Как в кошмарном, бредовом сне, меня перетащили на эмалированный стол с непристойными подставками для ног. Две акушерки схватили меня за руки и зверски тянули куда-то вниз, крича: «Тужься, давай, девочка, тужься!» Мне казалось, что я уже перестала быть человеком, я превратилась в один страшный вопль, который губы исторгали против моей воли, и когда кто-то рявкнул: «Голова!» — я инстинктивно подняла голову и увидела, как в руках Сергея Александровича сверкнули ножницы, но даже не почувствовала, что он меня режет. После этого мне стало как-то удивительно легко, и я впервые увидела свою дочь — в тот момент это было не подававшее признаков жизни существо с деформированной головой и в красной слизи.

— Молодец! — орали акушерки.

— Он что, мертвый? — прошептала я.

— Дура! Идиотка! — воскликнула одна из них и в качестве подтверждения своих слов тряхнула несчастное дитя так, что оно безутешно заревело.

Я бессильно легла на спину.

— Куда? — весело спросил Сергей Александрович. — Еще послед рожать. Давай-ка тужься!

— Я не могу… — простонала я.

Сквозь полуприкрытые веки я увидела, как надо мной склоняется доброе, чуть пьяное русское лицо в очках с линзами и говорит:

— Ты сможешь, зайка, ты все сможешь. Просто говори, как говорила я: «Проклятый сукин сын, чтобы тебе пусто было!»

— Алла Николавна, сколько раз мне еще говорить, чтобы вы прекратили… — раздраженно начал Сергей Александрович, но я его перебила.

— Чтоб ты сдох, Лев! — из последних сил заорала я под всеобщий хохот. — Чтоб тебе хуево было, чертов ублюдок!

— Чтоб ему было хуже, чем тебе, — добавила шпанистая Алла Николавна.

И я родила послед.

— Шьем! — рявкнул Сергей Александрович и перед тем, как осуществить свое намерение, попросил меня вытянуть руку.

…Я, кажется, вытянула руку, и он всадил мне укол, после которого я безмятежно спала, и мне снились желтые цветы, птицы с пушистым опереньем и сладкий заливной луг, по которому я шла в белом платье, распугивая стрекоз с кружевными крыльями. На самом краю этого луга я увидела сгорбившееся под тяжестью собственных лет дерево, и мне захотелось залезть на него и, как белке, заснуть на золотой ветке. Я приблизилась к этому дряхлому, в подагрических шишках дереву и уже хотела вскарабкаться на него, когда вдруг подняла глаза вверх, к небу, и увидела Дауда — он сидел, как пьяный Пан, в изумрудных ветвях и обмахивался кошачьим хвостом, словно веером.

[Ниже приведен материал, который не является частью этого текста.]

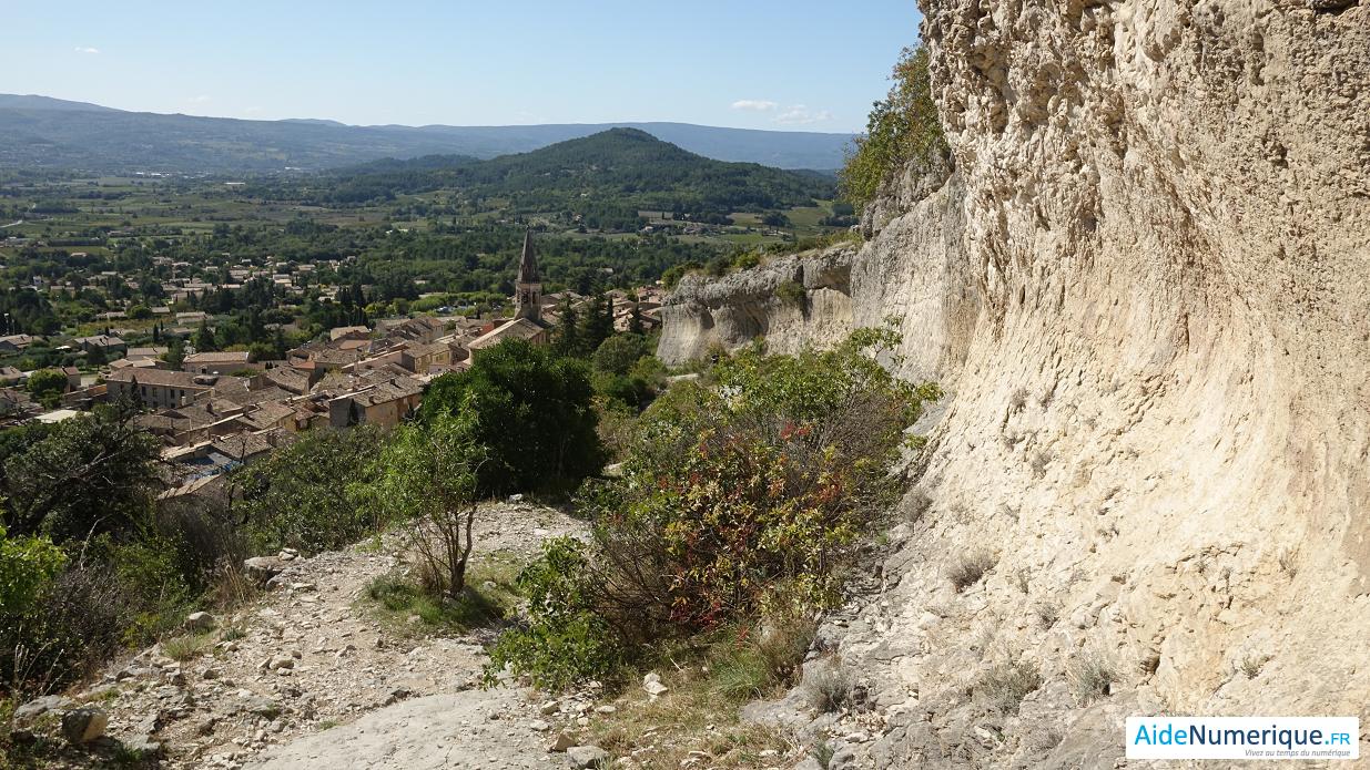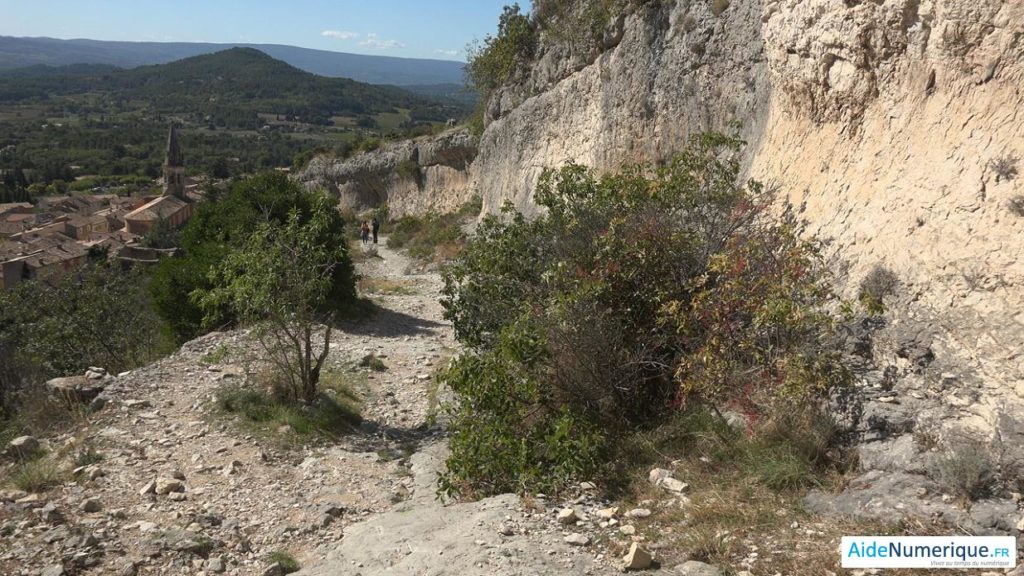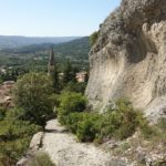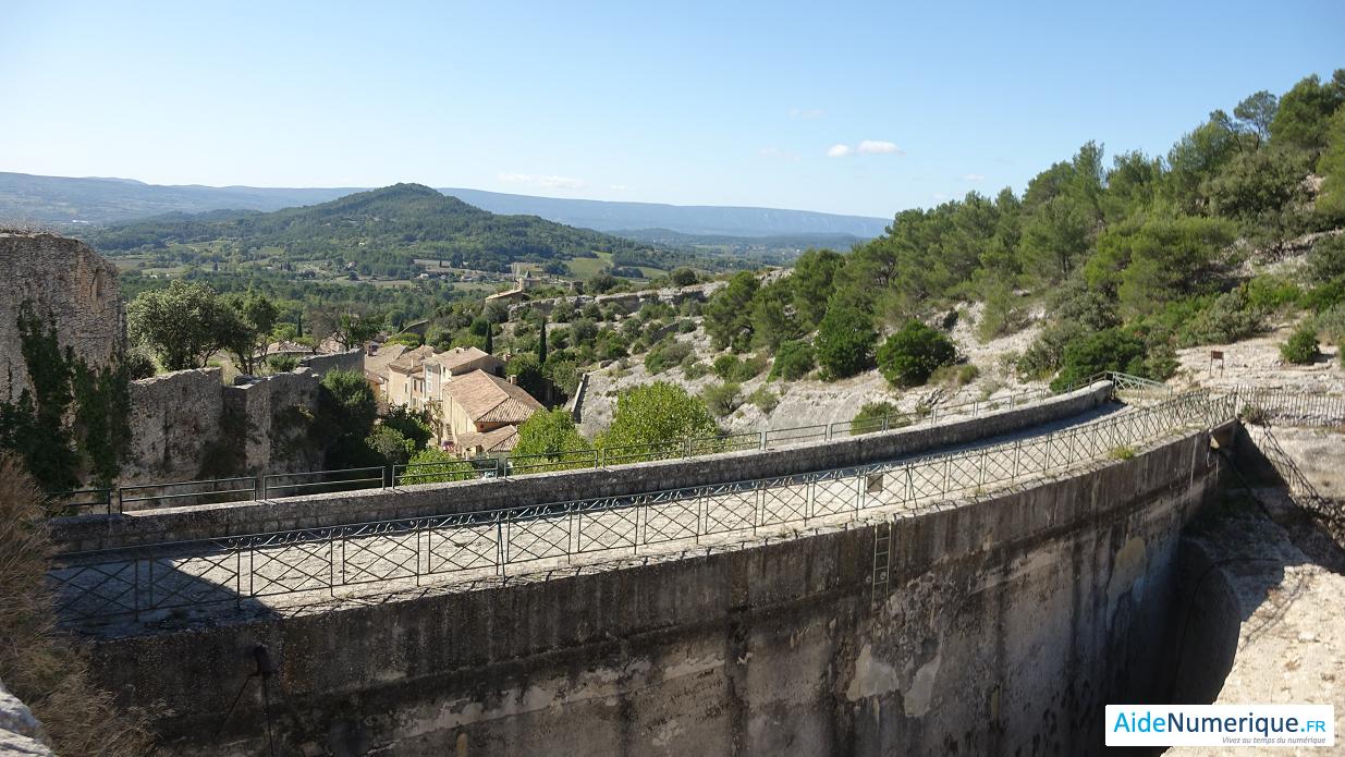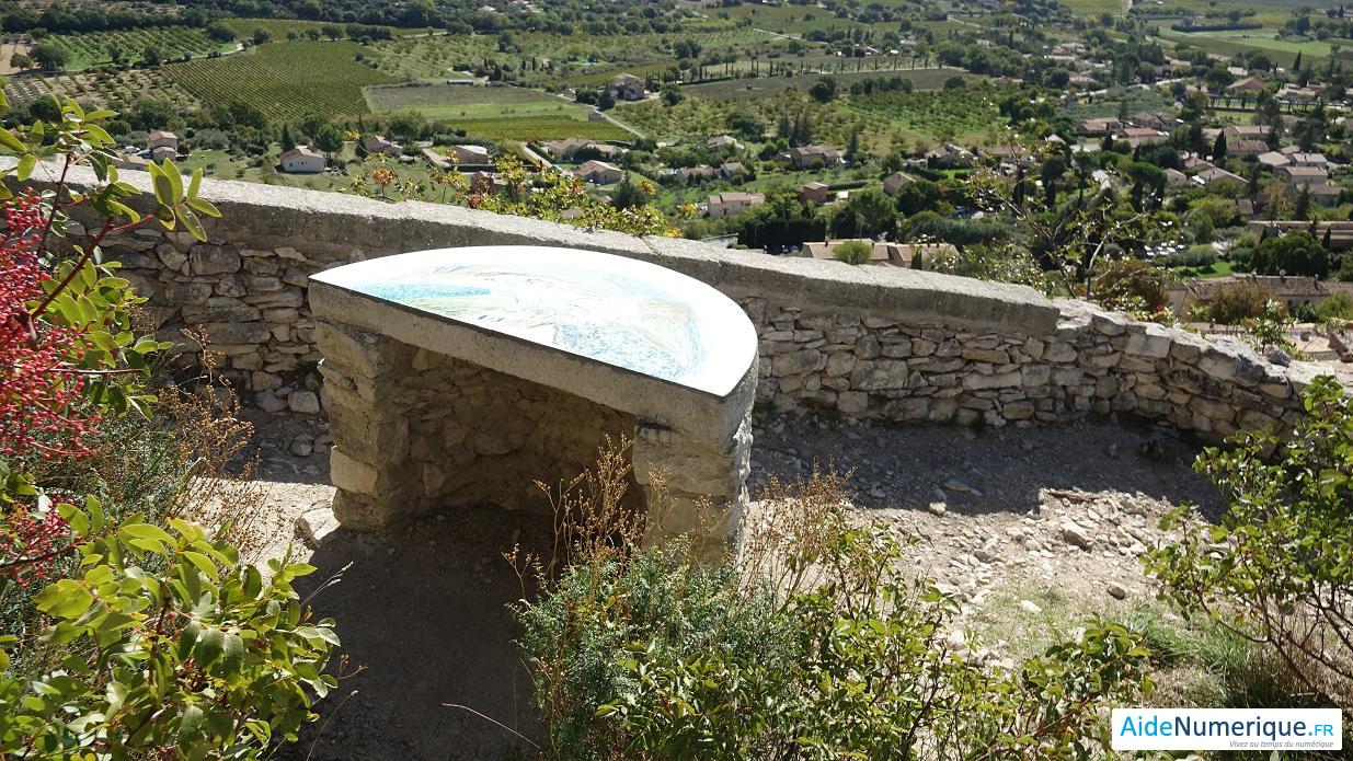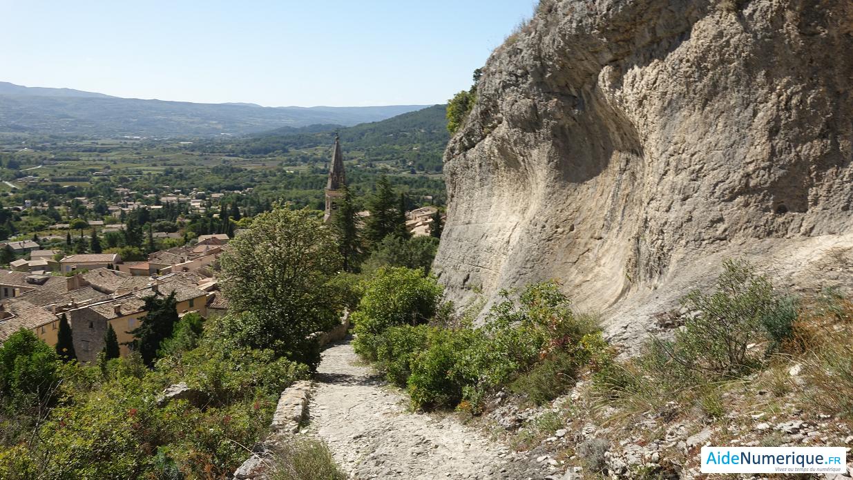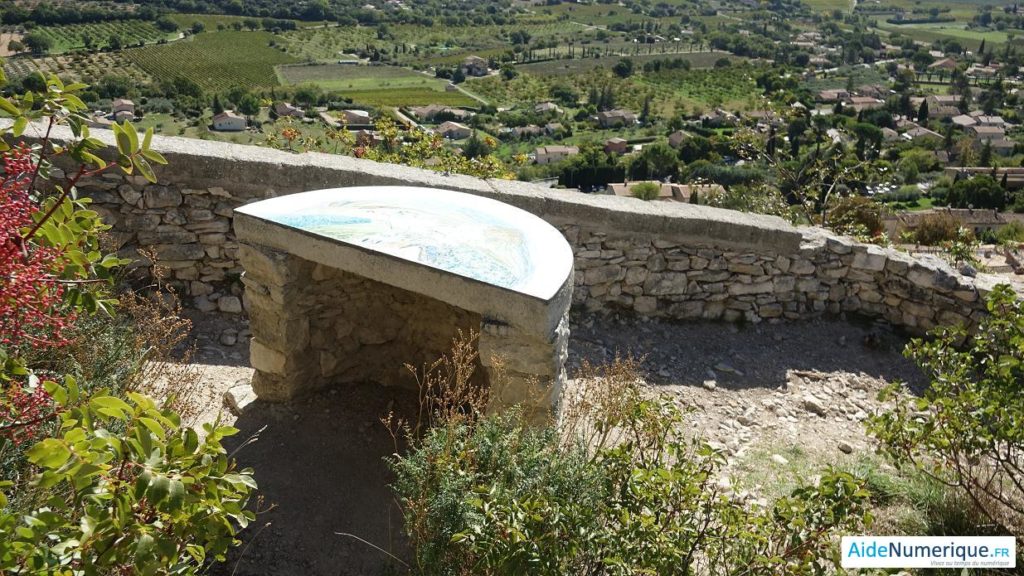 Le village de Saint-Saturnin lès-Apt est perché sur un éperon rocheux, ce qui offre des vues superbes sur le Luberon, les Alpilles … Le village trouve ses origines au Xe siècle et fut sous la seigneurie des Agoult vers 1190, puis d’autres seigneurs, etc. Il a évolué au fil des siècles avec des constructions médiévales, des remparts, des agrandissements aux XIIᵉ, XVe, etc. La balade part du moulin à vent, passe à côté du barrage puis longe les anciens remparts et villages pour arriver à la chapelle castrale puis redescend dans le village pour passer le portail Ayguier et finir par arriver devant l’église Saint-Etienne (*1).

— Привет, — тихо, как будто кто-то мог меня услышать, сказала я.

— Привет, — ответил он. — Поднимайся.

Я посмотрела на него, и в душе моей забурлила тревога — помимо хвоста, у него были кошачьи уши.

— Нет, — сказала я. — Лучше постою здесь.

— Тогда я могу спуститься, — не слишком протестовал он.

Я видела, как он ловко спрыгнул с ветки и встал передо мной, совершенно голый.

— Ты веришь в пророка? — спросил он.

Верю ли я? Да, почему бы и нет, я верю. Но почему он спрашивает? Зачем ему это знать, ведь мы никогда не говорили о пророках? Я верю в Иоанна, он пришел и предчувствовал Христа, а потом Саломея сожрала его голову… Но что от этого Дауду?

— Верю, — ответила я.

— Отрекись, — посоветовал он. — Все это ложь.

— Почему? — спросила я.

— Потому что пророк — дурак, — охотно объяснил он. — Просто сумасшедший, из-за навязчивой мании которого полмира до сих пор не может прийти в себя и жаждет узреть мессию. А был ли мессия? Если и был, то скорее всего такой же психопат, как Иоанн, надеявшийся, что природу человека можно повернуть, как реку, в другое русло.

— Откуда ты знаешь? — спросила я.

— Я верю тому, что вижу, — сказал он. — Не было никакого Иисуса, все это ложь иудеев, которые облапошили вас в очередной раз.

— А вас — нет? — поинтересовалась я.

— Нас? — уточнил Дауд. — Нет. Джебраил передал Истину Мухаммеду, и мы смеялись над вами, видя, как вы называете богом Ису, молитесь рисункам и разрешаете женщинам разгуливать по улицам без покрывал и, смилуйся Аллах, с голыми ногами. Не думали ли вы, что иудеи подсунули вам жалкую и неправдоподобную легенду о том, что их же бог проклял их и рассеял по миру в надежде на то, что они опамятуются и вернутся к нему, как агнцы к коровьему вымени?

— Иудеи распяли Христа, — возразила я. — И Иегова проклял их.

— Умоляю тебя! — воскликнул Дауд. — Ты — неглупая женщина и веришь всему этому бреду? Я могу сказать тебе одно: самое страшное в этой жизни — связаться с жидами. А ваш Иисус — сын Иосифа-плотника и Марии-пряхи. Как тут ни крути, он — еврей! Он якобы сын Иеговы, который, кстати сказать, со времен Адама и дуры его Евы рекомендовал считать гоев за скотину и, заметь, запрещал еврейкам принимать роды у иноверок.

— Иисус этого не говорил, — возразила я.

— Ла илахе илаллах, — сказал он, — просто повторяй за мной.

— Не буду! — крикнула я. — Я верую в Христа, который принял страдания за грехи мои, который возлюбил меня больше, чем собственную жизнь, который, хоть он и еврей…

— Раздвинь ноги, — вдруг сказал Дауд.

— Что? — опешила я.

— Раздвинь ноги, я помажу тебе шов зеленкой, — ответил он. — Очнись, открой глаза!

Я с трудом разомкнула слипшиеся веки и увидела, что лежу с раздвинутыми ногами в палате, на застеленной бельем койке, и намазанная, как проститутка, медсестра обрабатывает мне шов. Это зрелище было мне неприятно, и я отвернулась — все тело болело так, как будто меня трахал сам дьявол.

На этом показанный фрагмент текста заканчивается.